Myself and about 350 others at today’s event heard of plans to provide 500 new beds in key locations in the north of England. There was little more information on that divulged, one can only hope that it is not all city centres. With financial worries mostly behind them, the YHA is making a return to its original charitable aims:
To help all, especially young people of limited means, to a greater knowledge, love and care of the countryside, and appreciation of the cultural values of towns and cities, particularly by providing youth hostels or other accommodation for them in their travels, and thus to promote their health, recreation and education
YHA Charitable object

YHA Strategy 2020. The contents of this ‘conversation document’ are ambitious and bold. In draft form at present, it is to be hoped that the final strategy document has not deviated too far from this
Only signed off by the Executive days before, the YHA proudly distributed its new Strategy 2020 Conversation document, ‘hot off the press’ (so newly printed it arrived mid-morning), this sets out ambitious priorities for the next five years leading up to their centenary in 2020. It is still a working document and the YHA is seeking comment on the content, However I for one can only be impressed with the vision contained within:
In 2038, every 18-year old in England and Wales will enter adulthood having experienced the positive impact of YHA. They will have lifelong access to hostelling as their route to a world of affordable sustainable travel
(draft) YHA Strategy 2020

Writer, journalist and ‘extreme sleeper’ Phoebe Smith delivered an amusing and joyful presentation. On her first ever solo wild camp she “ran into the one thing that strikes the fear of god into us… a youth group!”
To put that into context- there will be some 750 000 children born in England and Wales next year.
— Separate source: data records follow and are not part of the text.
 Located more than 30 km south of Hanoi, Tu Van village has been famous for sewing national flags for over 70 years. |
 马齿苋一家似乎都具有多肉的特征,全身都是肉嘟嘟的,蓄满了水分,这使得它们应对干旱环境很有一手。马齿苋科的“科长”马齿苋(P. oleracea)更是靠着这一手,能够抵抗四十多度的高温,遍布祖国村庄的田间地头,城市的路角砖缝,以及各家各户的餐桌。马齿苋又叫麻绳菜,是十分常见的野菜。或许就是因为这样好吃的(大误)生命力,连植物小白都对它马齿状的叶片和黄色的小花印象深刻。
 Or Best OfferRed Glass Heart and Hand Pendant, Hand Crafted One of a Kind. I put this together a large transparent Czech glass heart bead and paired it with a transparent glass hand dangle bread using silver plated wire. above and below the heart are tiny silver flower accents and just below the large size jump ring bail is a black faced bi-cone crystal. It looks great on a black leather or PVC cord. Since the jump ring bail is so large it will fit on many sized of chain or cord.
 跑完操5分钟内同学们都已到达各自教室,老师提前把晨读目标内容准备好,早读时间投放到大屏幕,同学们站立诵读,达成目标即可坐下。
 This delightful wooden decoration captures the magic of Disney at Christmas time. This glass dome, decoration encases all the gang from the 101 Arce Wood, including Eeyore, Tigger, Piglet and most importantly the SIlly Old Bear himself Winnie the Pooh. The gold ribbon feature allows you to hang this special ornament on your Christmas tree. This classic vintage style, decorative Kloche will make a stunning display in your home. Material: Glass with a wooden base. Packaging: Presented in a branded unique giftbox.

The YHA was born out of social reform in the 1930s. At that time the ambition was to transform the lives of young people born into crowded and polluted cities. The YHA’s very first handbook laid out their early plans… ‘to improve the health of body and mind… [offering] cheap lodging as a means and not as an end’. The YHA’s vision laid out today expands upon this.
As well as providing budget accommodation for members and non-members alike, The YHA is stepping up its charitable ambitions- it provides free family activity breaks for low income families with additional complex needs, hosts residentials for youth groups and schools, free weekend breaks for some families with disabled children, offers socially inclusive volunteering opportunity and works with young people with special educational needs.
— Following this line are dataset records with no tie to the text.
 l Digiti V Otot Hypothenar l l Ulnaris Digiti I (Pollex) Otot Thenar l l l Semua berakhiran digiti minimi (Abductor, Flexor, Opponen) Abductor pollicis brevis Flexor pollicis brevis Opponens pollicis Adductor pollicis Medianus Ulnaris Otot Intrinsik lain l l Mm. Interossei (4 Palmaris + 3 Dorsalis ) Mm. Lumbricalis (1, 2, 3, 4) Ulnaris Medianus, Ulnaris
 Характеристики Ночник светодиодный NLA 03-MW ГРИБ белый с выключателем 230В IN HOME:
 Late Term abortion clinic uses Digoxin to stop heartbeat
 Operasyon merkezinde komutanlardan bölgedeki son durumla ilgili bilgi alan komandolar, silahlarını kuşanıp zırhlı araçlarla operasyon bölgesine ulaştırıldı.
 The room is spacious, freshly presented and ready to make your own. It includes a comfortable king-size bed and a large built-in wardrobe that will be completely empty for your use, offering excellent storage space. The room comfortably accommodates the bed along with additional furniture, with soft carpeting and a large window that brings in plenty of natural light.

There is plenty of evidence showing how young people thrive when exposed to the outdoors. Outdoor adventure is the second-most effective in advancing learning in young people (after 1:1 tuition). Hostels, and the activities run out of them, provide that outdoor facility. The YHA has been voted the number one ‘not for profit’ hostel operator on the international stage and their stated ambition is to be the leading charity in health and well being, particularly with young people. I for one am impressed by this refocus and wish them well.